● **TASK OBJECTIVE**
Each record that follows should be duplicated exactly, except for its pictures.

● **SUPPLIED INFORMATION**
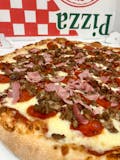 Pepperoni, italian sausage, bacon, ham, beef, signature pizza sauce, mozzarella and provolone.
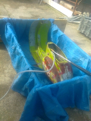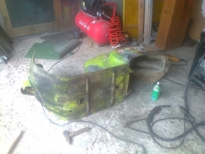 ecco i lavori di ieri, raddrizzatura e saldatura pedana
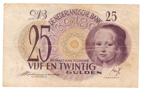 Na de oorlog was er een groot tekort aan nieuw papiergeld, en daarom werd er door de regering zo snel mogelijk een nieuwe serie ontworpen. Hier waren ook ontwerpen bij die nog van voor de oorlog kwamen, alleen was hier in de oorlog niks mee gedaan. Het vijfentwintig gulden biljet ‘meisje in het blauw’ heeft op de voorzijde de afbeelding van het schilderij met dezelfde naam van Johannes Verspronk. De handtekeningen op het biljet zijn van de DNB-President Trip, en door DNB-Secretaris Westerman-Holstijn. Het biljet is onderdeel van de uitgave van 1945 en naast het vijfentwintig gulden biljet ‘meisje in het blauw’, zijn er ook nog de volgende biljetten:
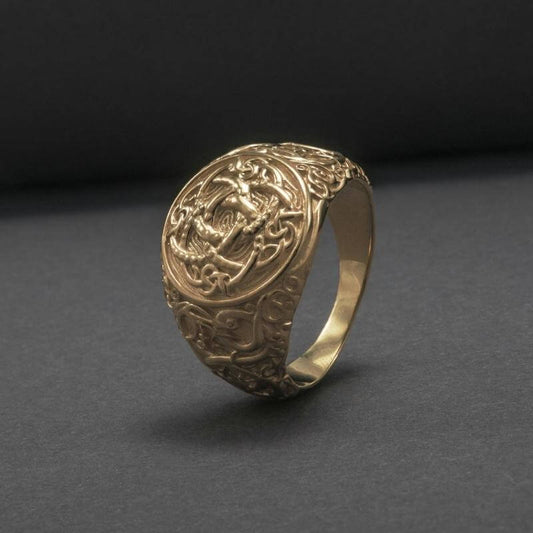 Anillo de oro con adorno de urnas de Sleipnir hecho a mano
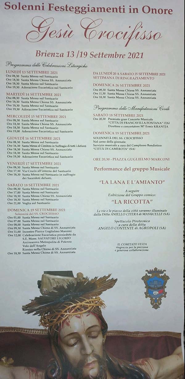 La comunità di Brienza è lieta di annunciare l’avvio dei 783esimi festeggiamenti in onore del Santissimo crocifisso del Sacro Monte di Brienza.
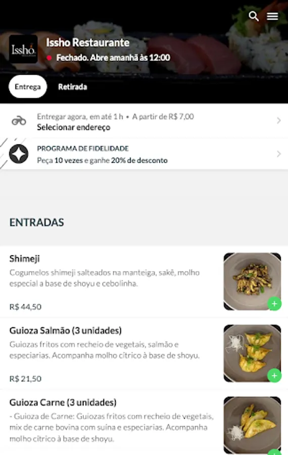 Order Delivery to Isshô Restaurante with a few taps on your Android screen
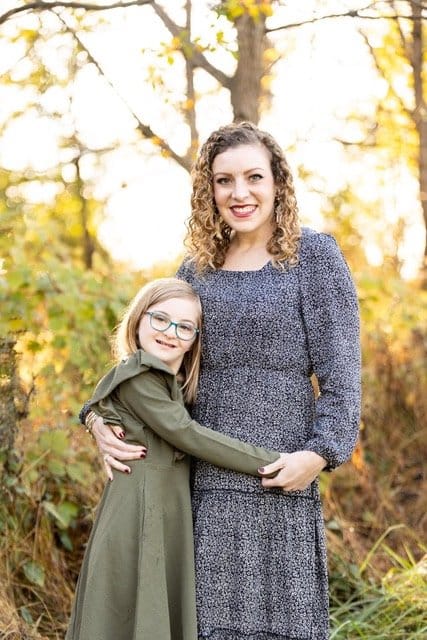 Lauren & her daughter Ellie [image description: A mother and daughter with light skin and blond hair pose in front of a leafy backdrop. The daughter has her arms around her mother’s waist. She wears a sage-green dress and turquoise-frame eye glasses. The mom wears a navy blue dress with a tiny white pattern.]
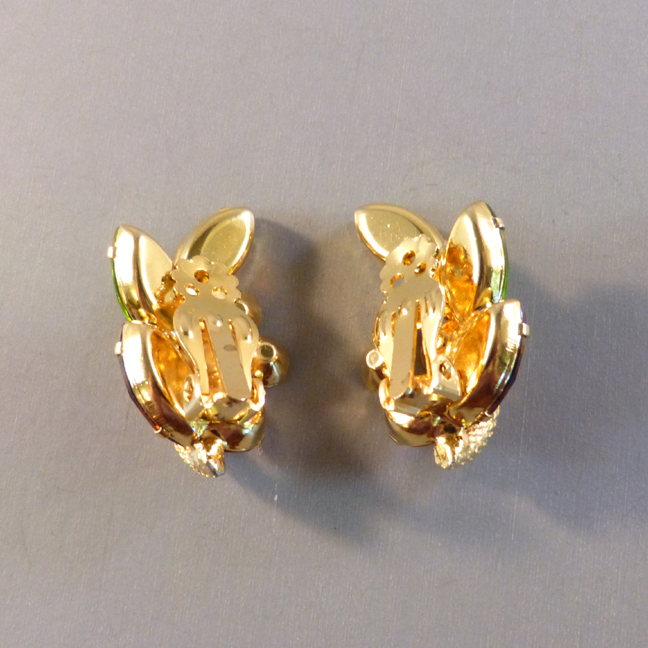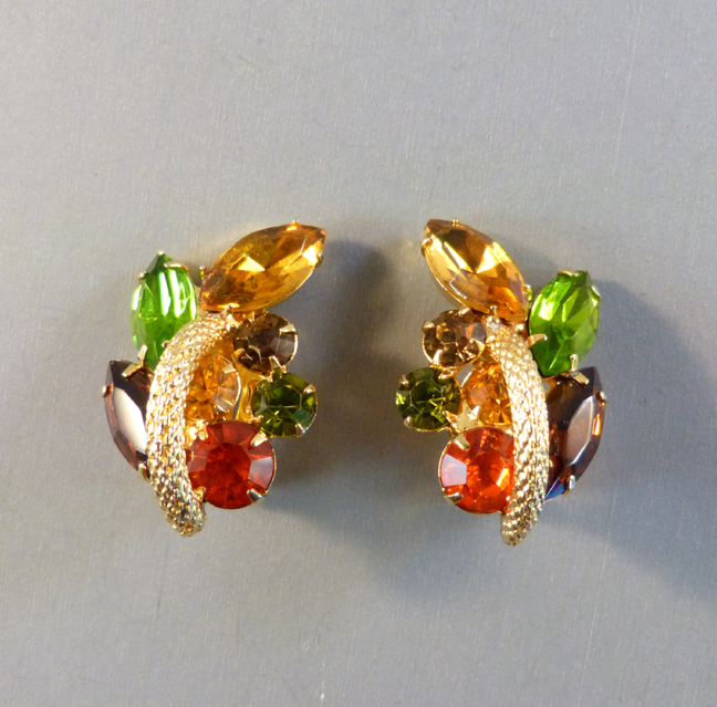 DescriptionJULIANA D&E style earrings with beautiful green, brown orange and topaz colored rhinestones set in gold tone.
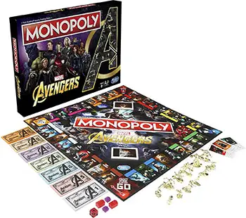 In this version of Monopoly, instead of buying properties, you'll draft heroes for your team. Heroes come in color sets, except for Winter Soldier and Black Panther.
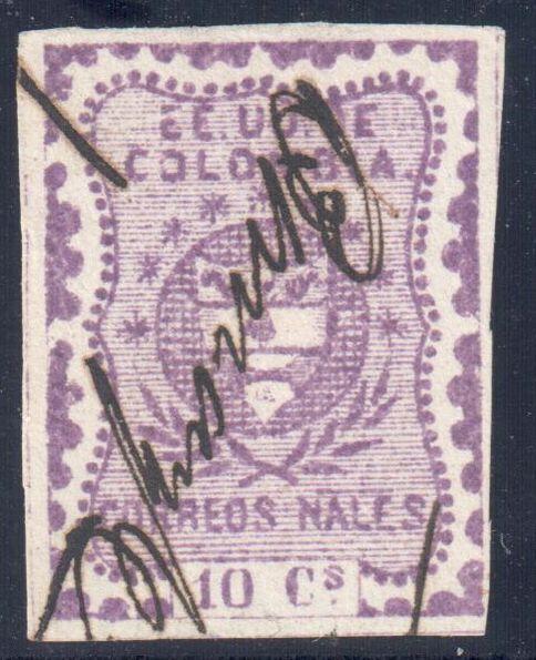 1 сентября 1859 года в продажу поступили первые колумбийские знаки почтовой оплаты. В то время Колумбия называлась Гранадской конфедерацией. Таким образом, первыми почтовыми миниатюрами страны являются марки Гранадской конфедерации. Второй выпуск появился в 1860 году.
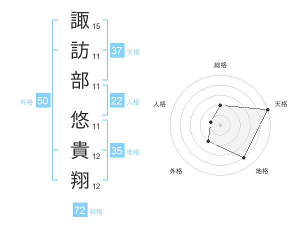 諏訪部 悠貴翔さんの天格は37画の5点!
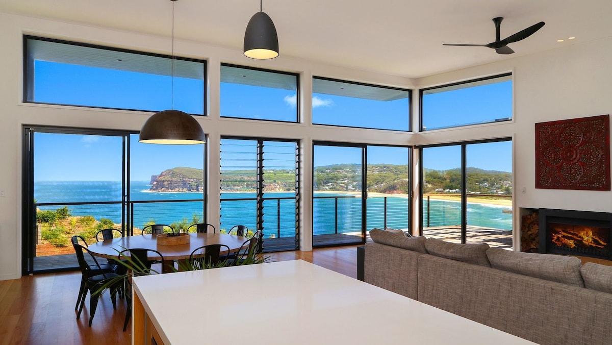 Escápate a Patonga House, un impresionante santuario ubicado en 10 acres de matorrales prístinos. Ubicada en una ladera adyacente al Parque Nacional, esta impresionante finca ofrece vistas a los ojos de águila sobre Patonga y el río Hawkesbury, además incluye una piscina de inmersión climatizada y una sauna panorámica al aire libre. La finca tiene una privacidad inigualable, pero está a sólo 2 minutos de la playa de Patonga y del emblemático Boathouse Hotel. También cerca, Pearl Beach, otro paraíso costero.

● **WRITTEN SOLUTION**
 Pepperoni, italian sausage, bacon, ham, beef, signature pizza sauce, mozzarella and provolone.
 ecco i lavori di ieri, raddrizzatura e saldatura pedana
 Na de oorlog was er een groot tekort aan nieuw papiergeld, en daarom werd er door de regering zo snel mogelijk een nieuwe serie ontworpen. Hier waren ook ontwerpen bij die nog van voor de oorlog kwamen, alleen was hier in de oorlog niks mee gedaan. Het vijfentwintig gulden biljet ‘meisje in het blauw’ heeft op de voorzijde de afbeelding van het schilderij met dezelfde naam van Johannes Verspronk. De handtekeningen op het biljet zijn van de DNB-President Trip, en door DNB-Secretaris Westerman-Holstijn. Het biljet is onderdeel van de uitgave van 1945 en naast het vijfentwintig gulden biljet ‘meisje in het blauw’, zijn er ook nog de volgende biljetten:
 Anillo de oro con adorno de urnas de Sleipnir hecho a mano
 La comunità di Brienza è lieta di annunciare l’avvio dei 783esimi festeggiamenti in onore del Santissimo crocifisso del Sacro Monte di Brienza.
 Order Delivery to Isshô Restaurante with a few taps on your Android screen
 Lauren & her daughter Ellie [image description: A mother and daughter with light skin and blond hair pose in front of a leafy backdrop. The daughter has her arms around her mother’s waist. She wears a sage-green dress and turquoise-frame eye glasses. The mom wears a navy blue dress with a tiny white pattern.]
 DescriptionJULIANA D&E style earrings with beautiful green, brown orange and topaz colored rhinestones set in gold tone.
 In this version of Monopoly, instead of buying properties, you'll draft heroes for your team. Heroes come in color sets, except for Winter Soldier and Black Panther.
 1 сентября 1859 года в продажу поступили первые колумбийские знаки почтовой оплаты. В то время Колумбия называлась Гранадской конфедерацией. Таким образом, первыми почтовыми миниатюрами страны являются марки Гранадской конфедерации. Второй выпуск появился в 1860 году.
 諏訪部 悠貴翔さんの天格は37画の5点!
 Escápate a Patonga House, un impresionante santuario ubicado en 10 acres de matorrales prístinos. Ubicada en una ladera adyacente al Parque Nacional, esta impresionante finca ofrece vistas a los ojos de águila sobre Patonga y el río Hawkesbury, además incluye una piscina de inmersión climatizada y una sauna panorámica al aire libre. La finca tiene una privacidad inigualable, pero está a sólo 2 minutos de la playa de Patonga y del emblemático Boathouse Hotel. También cerca, Pearl Beach, otro paraíso costero.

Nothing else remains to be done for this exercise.